Problem details:
Beginning with the line that has "Matt Applewhite interviewing" and ending with the line that has "2019年1月4日下午,为了", retype the entries below exactly, except for the pictures.

(Data items)
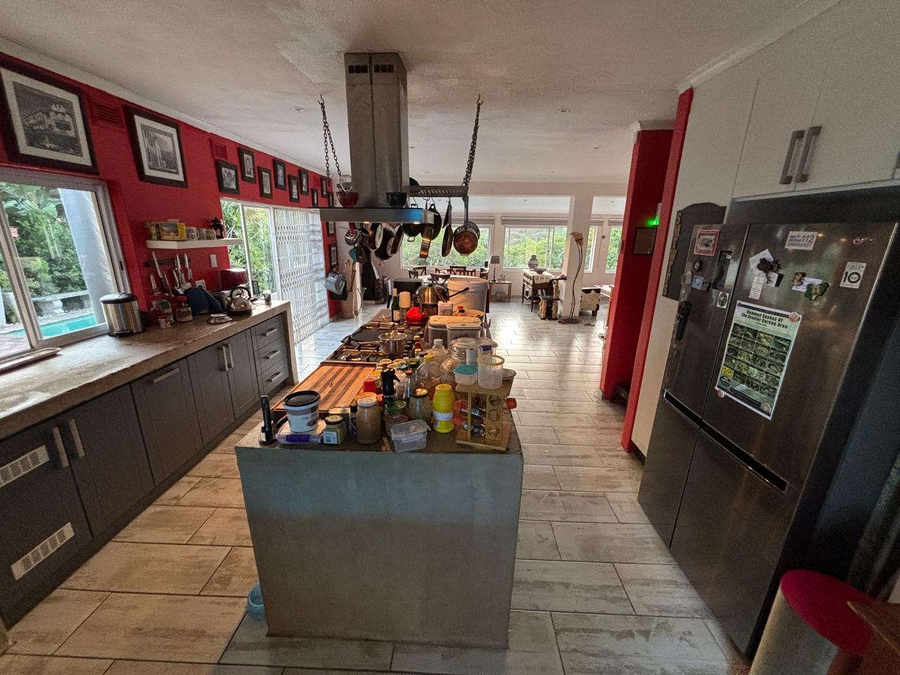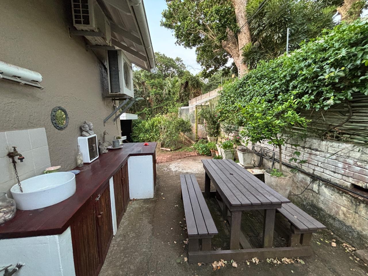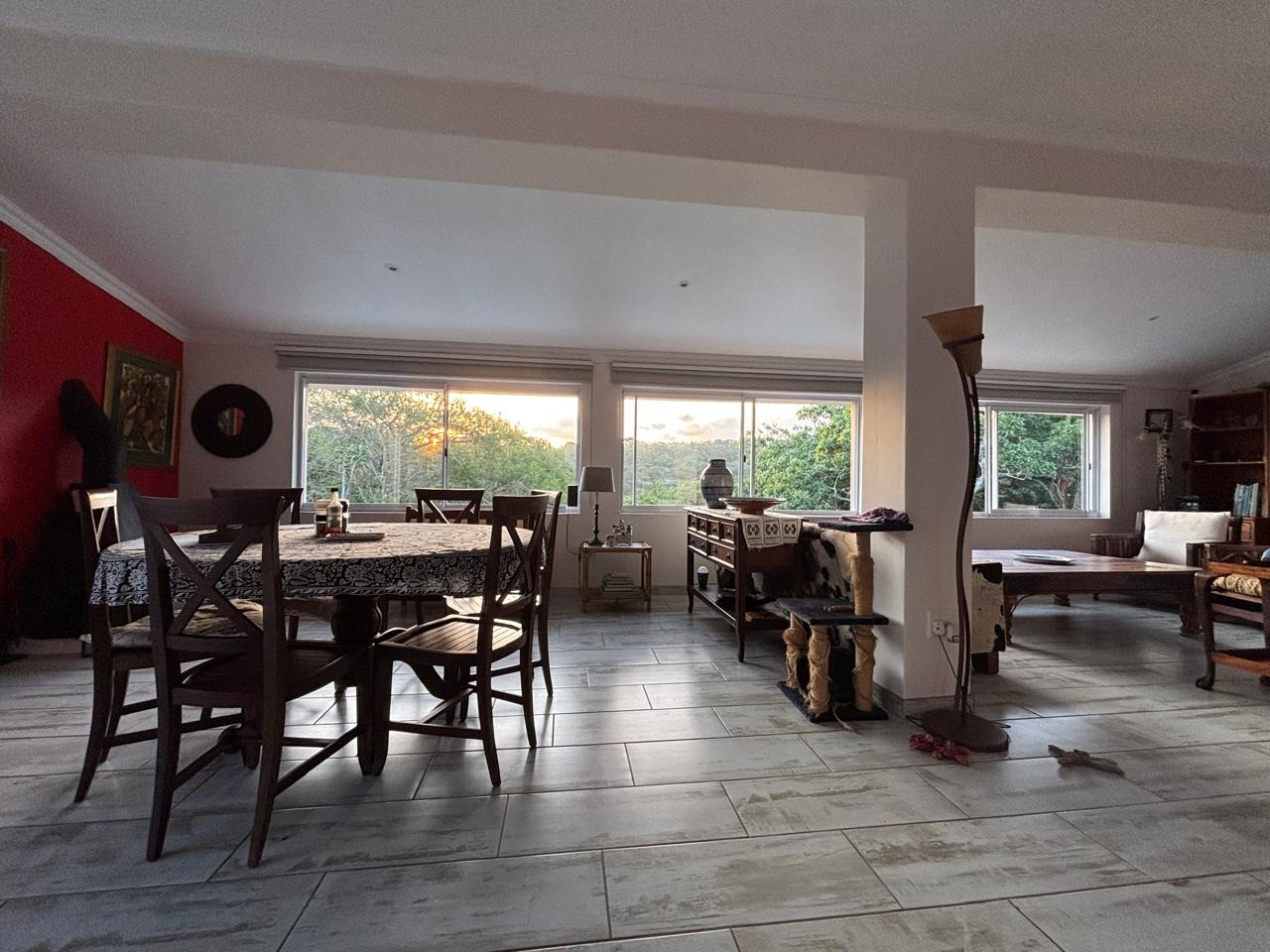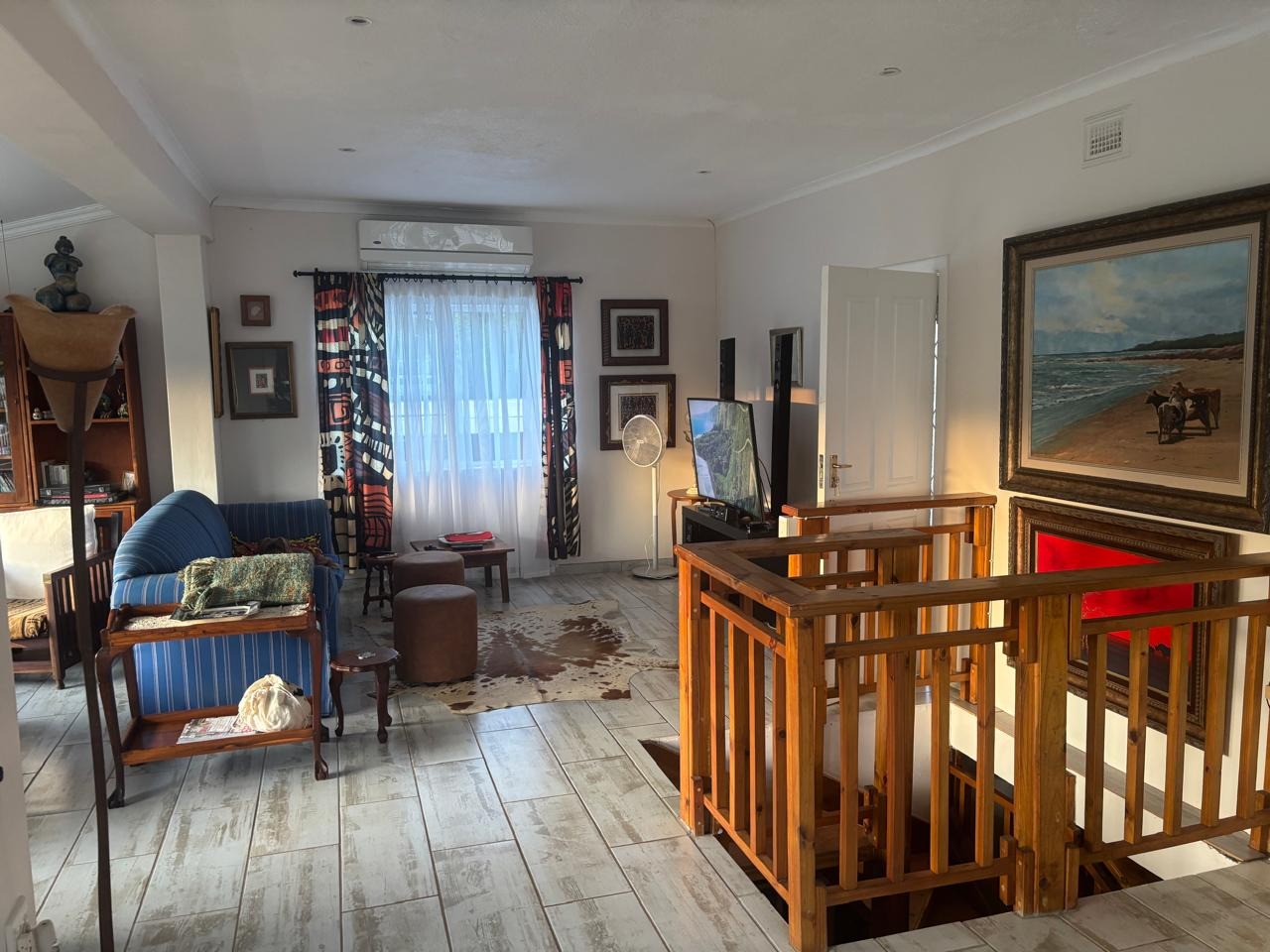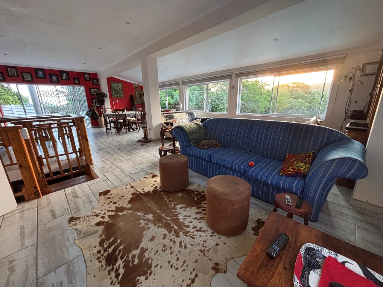 Discover this inviting two-story residence in Leisure Bay, Port Edward, offering a harmonious blend of comfort and coastal living. The property boasts a lush, well-maintained garden with mature trees and a spacious brick-paved driveway, creating a private and verdant entrance. Inside, the home features a generous 295 sqm floor size with an open-plan layout, seamlessly connecting the living, dining, and kitchen areas. Large windows throughout ensure abundant natural light and offer scenic views of the surrounding greenery.
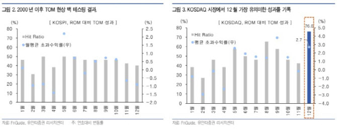 코스닥 시장에서는 2000년 이후 TOM 기간 수익률이 ROM 기간 수익률을 상회한 경우가 49.2%로 나타났다. 전체 기간으로 보면 코스피 지수와 큰 차이가 없지만 12월의 이 확률이 76.0%로 확인됐다.
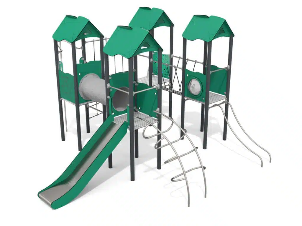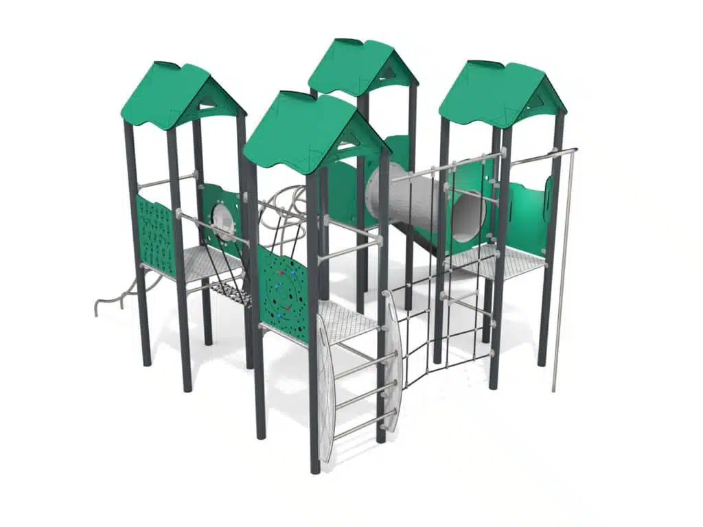 Pensé pour encourager la motricité, le sens de l’équilibre et la coordination, le Recy’Arena intègre plusieurs zones de grimpe permettant aux enfants de tester leurs capacités et de relever de petits défis adaptés aux différentes tranches d’âge. Le parcours offre des prises variées, des hauteurs progressives et des éléments d’ascension qui renforcent la confiance et le plaisir du jeu. Le tout s’accompagne d’un toboggan parfaitement intégré à la structure, garantissant des moments de glisse dynamiques et sécurisés, très appréciés des plus jeunes comme des plus grands.
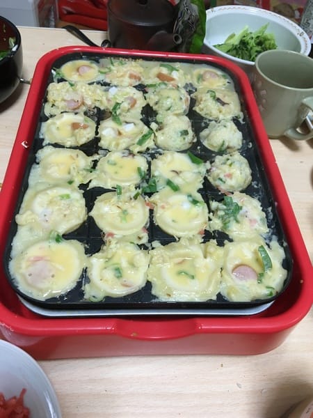 我が家では、たこの他にもウィンナーやチーズを入れて作ります(●^o^●)
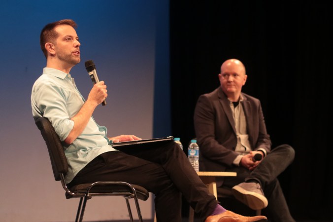Matt Applewhite interviewing NHB author Mike Bartlett at Amateur Theatre Fest, September 2018 (photo by Ben Copping)
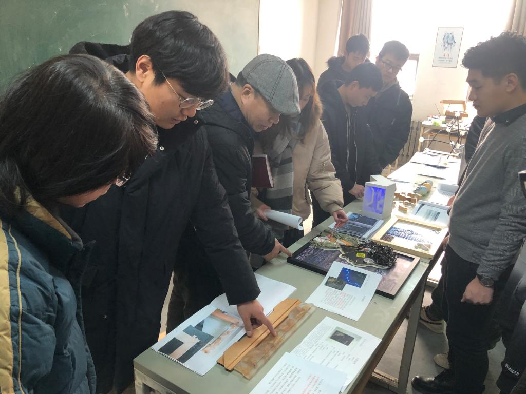 2019年1月4日下午,为了解毕业设计工作的进展情况,督促毕业设计工作的顺利进行,现代手工艺术学院组织开展毕业设计中期检查工作。参加此次检查工作的有院长赵进、副院长宋处岭、教学秘书邵世琦、各教研室负责人及毕业设计指导教师。
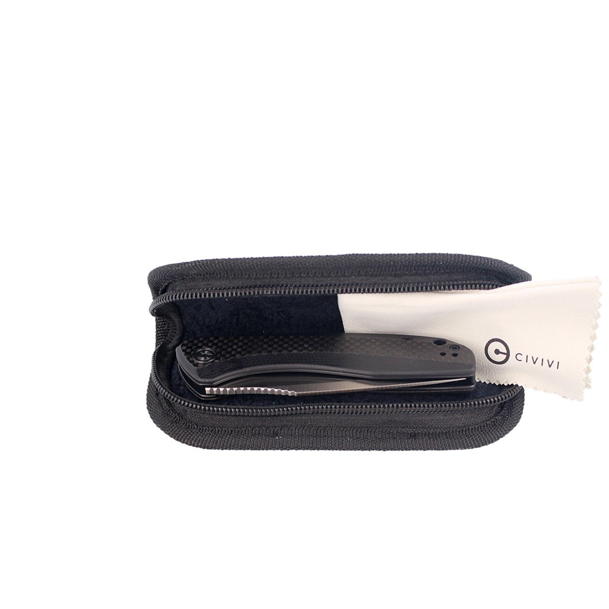 Rękojeść - połączenie sfazowanego czarnego G10, laminowanego włóknem węglowym. Gładka powierzchnia okładzin, ale z wyczuwalną teksturą poprawiającą pewność uchwytu. Całość mocowana do linersów ze stali nierdzewnej. Prosta, solidna konstrukcja daje pewność wieloletniego użytkowania bez osłabienia konstrukcjiBackspacer z czarnego tworzywa G10Oś pivota zdobi stylizowane logo marki Civivi. Dwupozycyjny lewo / prawostronny metalowy klips deep carry pozwala przenosić dyskretnie nóż w kieszeni w pozycji tip-up (czubkiem ostrza do góry). Lanyard hole, otwór na linkę.

Completed task:
Matt Applewhite interviewing NHB author Mike Bartlett at Amateur Theatre Fest, September 2018 (photo by Ben Copping)
 2019年1月4日下午,为了解毕业设计工作的进展情况,督促毕业设计工作的顺利进行,现代手工艺术学院组织开展毕业设计中期检查工作。参加此次检查工作的有院长赵进、副院长宋处岭、教学秘书邵世琦、各教研室负责人及毕业设计指导教师。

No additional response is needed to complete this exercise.